[Start of Attachment]

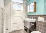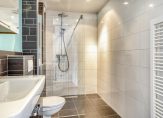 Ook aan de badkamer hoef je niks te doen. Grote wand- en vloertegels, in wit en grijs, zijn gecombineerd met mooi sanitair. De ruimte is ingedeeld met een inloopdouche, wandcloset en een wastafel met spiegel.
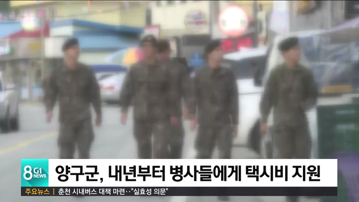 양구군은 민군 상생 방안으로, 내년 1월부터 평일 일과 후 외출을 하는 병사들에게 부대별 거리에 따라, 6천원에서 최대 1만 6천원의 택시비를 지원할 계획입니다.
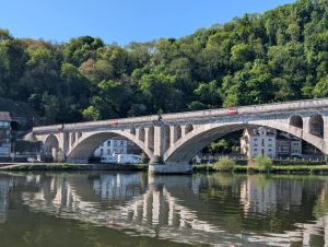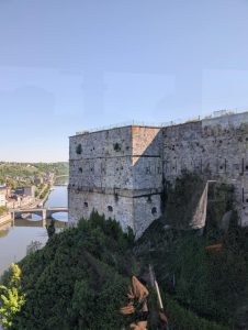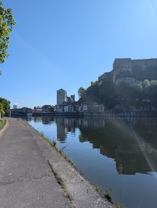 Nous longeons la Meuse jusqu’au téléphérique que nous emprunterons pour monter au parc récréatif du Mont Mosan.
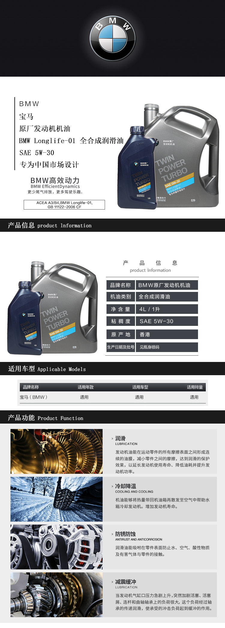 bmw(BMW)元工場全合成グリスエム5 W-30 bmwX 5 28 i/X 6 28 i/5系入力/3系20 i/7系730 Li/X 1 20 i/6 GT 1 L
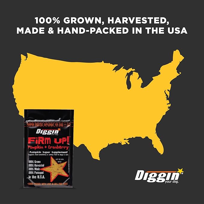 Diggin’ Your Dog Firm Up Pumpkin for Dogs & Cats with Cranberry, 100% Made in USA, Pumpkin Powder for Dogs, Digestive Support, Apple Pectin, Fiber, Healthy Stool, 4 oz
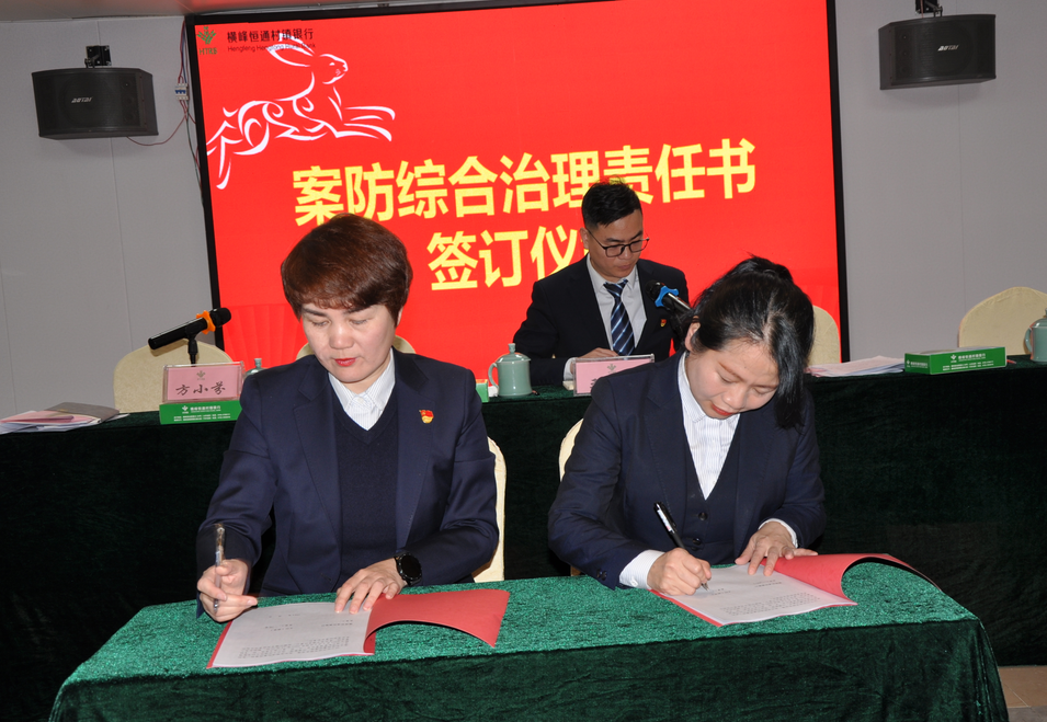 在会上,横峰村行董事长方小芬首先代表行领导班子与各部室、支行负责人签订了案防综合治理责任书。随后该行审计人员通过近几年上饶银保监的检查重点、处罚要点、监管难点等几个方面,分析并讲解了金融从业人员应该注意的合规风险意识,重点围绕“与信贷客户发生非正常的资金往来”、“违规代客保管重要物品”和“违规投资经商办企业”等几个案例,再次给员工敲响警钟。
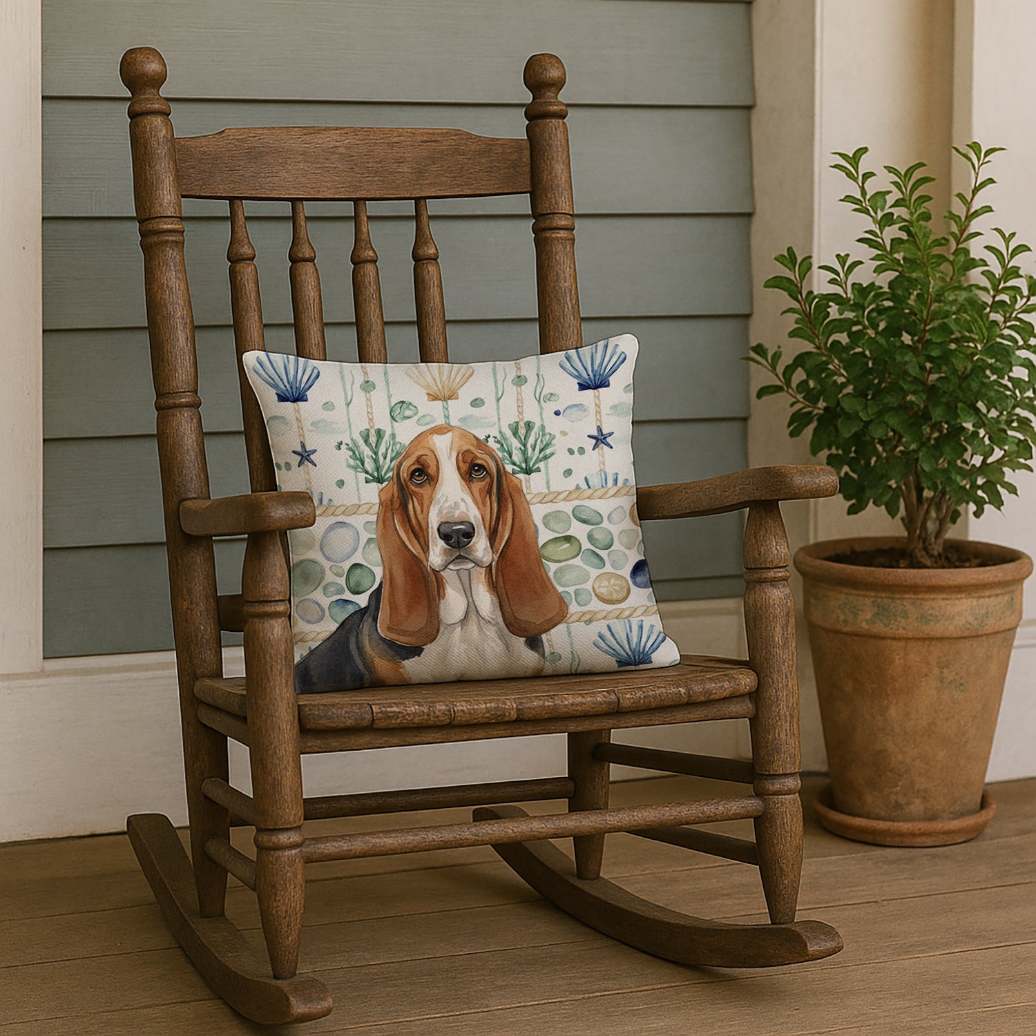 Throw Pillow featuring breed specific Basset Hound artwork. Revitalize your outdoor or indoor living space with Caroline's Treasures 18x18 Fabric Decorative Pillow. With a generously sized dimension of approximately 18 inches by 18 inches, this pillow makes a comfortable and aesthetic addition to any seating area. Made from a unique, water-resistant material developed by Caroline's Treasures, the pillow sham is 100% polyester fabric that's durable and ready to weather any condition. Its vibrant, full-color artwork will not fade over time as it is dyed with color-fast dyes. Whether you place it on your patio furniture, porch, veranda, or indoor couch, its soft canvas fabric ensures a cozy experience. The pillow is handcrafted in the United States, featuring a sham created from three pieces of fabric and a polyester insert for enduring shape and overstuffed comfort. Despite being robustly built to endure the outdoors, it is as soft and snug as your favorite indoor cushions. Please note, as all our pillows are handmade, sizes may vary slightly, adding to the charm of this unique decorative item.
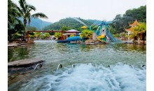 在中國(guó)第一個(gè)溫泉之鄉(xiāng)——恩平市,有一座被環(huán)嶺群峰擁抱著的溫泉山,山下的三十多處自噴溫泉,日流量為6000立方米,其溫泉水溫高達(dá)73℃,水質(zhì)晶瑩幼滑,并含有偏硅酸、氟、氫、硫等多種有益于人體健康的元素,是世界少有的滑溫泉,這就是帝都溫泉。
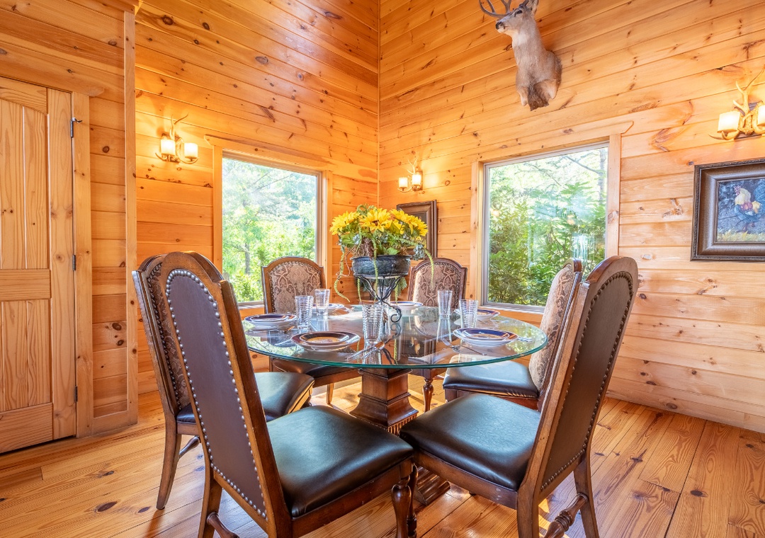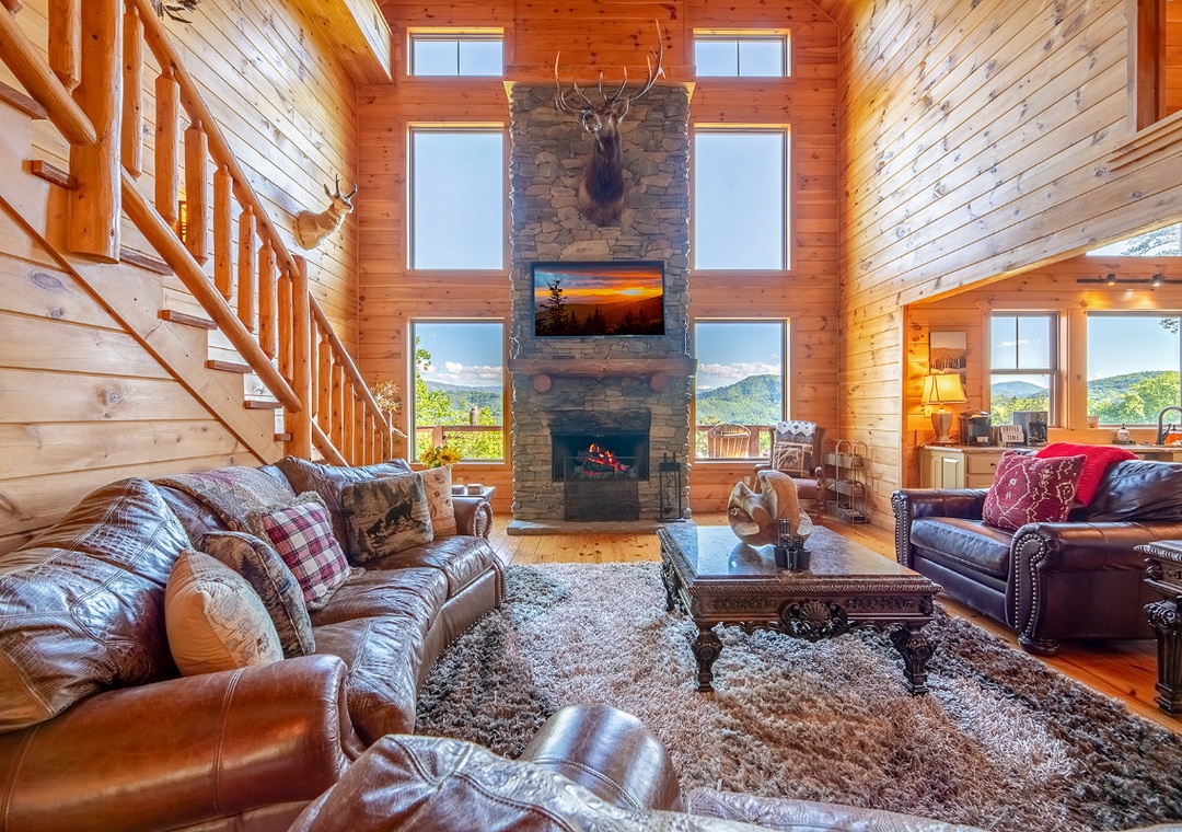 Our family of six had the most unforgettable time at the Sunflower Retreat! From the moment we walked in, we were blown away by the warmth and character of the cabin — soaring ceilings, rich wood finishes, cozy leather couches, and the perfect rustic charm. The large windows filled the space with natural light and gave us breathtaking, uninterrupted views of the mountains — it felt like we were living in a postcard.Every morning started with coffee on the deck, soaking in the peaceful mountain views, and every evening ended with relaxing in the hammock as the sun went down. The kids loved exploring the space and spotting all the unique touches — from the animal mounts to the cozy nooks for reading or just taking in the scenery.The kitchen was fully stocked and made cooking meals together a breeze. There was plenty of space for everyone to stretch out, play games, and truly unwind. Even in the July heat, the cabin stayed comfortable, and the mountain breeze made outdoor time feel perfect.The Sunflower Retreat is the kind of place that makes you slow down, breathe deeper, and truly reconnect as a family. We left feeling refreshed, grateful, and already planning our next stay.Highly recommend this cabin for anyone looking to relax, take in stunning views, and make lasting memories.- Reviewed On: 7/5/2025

[End of Attachment]

**ACTIVITY**
All of the entries need to be retyped word for word, pictures excluded.

**EXERCISE OUTPUT**
 Ook aan de badkamer hoef je niks te doen. Grote wand- en vloertegels, in wit en grijs, zijn gecombineerd met mooi sanitair. De ruimte is ingedeeld met een inloopdouche, wandcloset en een wastafel met spiegel.
 양구군은 민군 상생 방안으로, 내년 1월부터 평일 일과 후 외출을 하는 병사들에게 부대별 거리에 따라, 6천원에서 최대 1만 6천원의 택시비를 지원할 계획입니다.
 Nous longeons la Meuse jusqu’au téléphérique que nous emprunterons pour monter au parc récréatif du Mont Mosan.
 bmw(BMW)元工場全合成グリスエム5 W-30 bmwX 5 28 i/X 6 28 i/5系入力/3系20 i/7系730 Li/X 1 20 i/6 GT 1 L
 Diggin’ Your Dog Firm Up Pumpkin for Dogs & Cats with Cranberry, 100% Made in USA, Pumpkin Powder for Dogs, Digestive Support, Apple Pectin, Fiber, Healthy Stool, 4 oz
 在会上,横峰村行董事长方小芬首先代表行领导班子与各部室、支行负责人签订了案防综合治理责任书。随后该行审计人员通过近几年上饶银保监的检查重点、处罚要点、监管难点等几个方面,分析并讲解了金融从业人员应该注意的合规风险意识,重点围绕“与信贷客户发生非正常的资金往来”、“违规代客保管重要物品”和“违规投资经商办企业”等几个案例,再次给员工敲响警钟。
 Throw Pillow featuring breed specific Basset Hound artwork. Revitalize your outdoor or indoor living space with Caroline's Treasures 18x18 Fabric Decorative Pillow. With a generously sized dimension of approximately 18 inches by 18 inches, this pillow makes a comfortable and aesthetic addition to any seating area. Made from a unique, water-resistant material developed by Caroline's Treasures, the pillow sham is 100% polyester fabric that's durable and ready to weather any condition. Its vibrant, full-color artwork will not fade over time as it is dyed with color-fast dyes. Whether you place it on your patio furniture, porch, veranda, or indoor couch, its soft canvas fabric ensures a cozy experience. The pillow is handcrafted in the United States, featuring a sham created from three pieces of fabric and a polyester insert for enduring shape and overstuffed comfort. Despite being robustly built to endure the outdoors, it is as soft and snug as your favorite indoor cushions. Please note, as all our pillows are handmade, sizes may vary slightly, adding to the charm of this unique decorative item.
 在中國(guó)第一個(gè)溫泉之鄉(xiāng)——恩平市,有一座被環(huán)嶺群峰擁抱著的溫泉山,山下的三十多處自噴溫泉,日流量為6000立方米,其溫泉水溫高達(dá)73℃,水質(zhì)晶瑩幼滑,并含有偏硅酸、氟、氫、硫等多種有益于人體健康的元素,是世界少有的滑溫泉,這就是帝都溫泉。
 Our family of six had the most unforgettable time at the Sunflower Retreat! From the moment we walked in, we were blown away by the warmth and character of the cabin — soaring ceilings, rich wood finishes, cozy leather couches, and the perfect rustic charm. The large windows filled the space with natural light and gave us breathtaking, uninterrupted views of the mountains — it felt like we were living in a postcard.Every morning started with coffee on the deck, soaking in the peaceful mountain views, and every evening ended with relaxing in the hammock as the sun went down. The kids loved exploring the space and spotting all the unique touches — from the animal mounts to the cozy nooks for reading or just taking in the scenery.The kitchen was fully stocked and made cooking meals together a breeze. There was plenty of space for everyone to stretch out, play games, and truly unwind. Even in the July heat, the cabin stayed comfortable, and the mountain breeze made outdoor time feel perfect.The Sunflower Retreat is the kind of place that makes you slow down, breathe deeper, and truly reconnect as a family. We left feeling refreshed, grateful, and already planning our next stay.Highly recommend this cabin for anyone looking to relax, take in stunning views, and make lasting memories.- Reviewed On: 7/5/2025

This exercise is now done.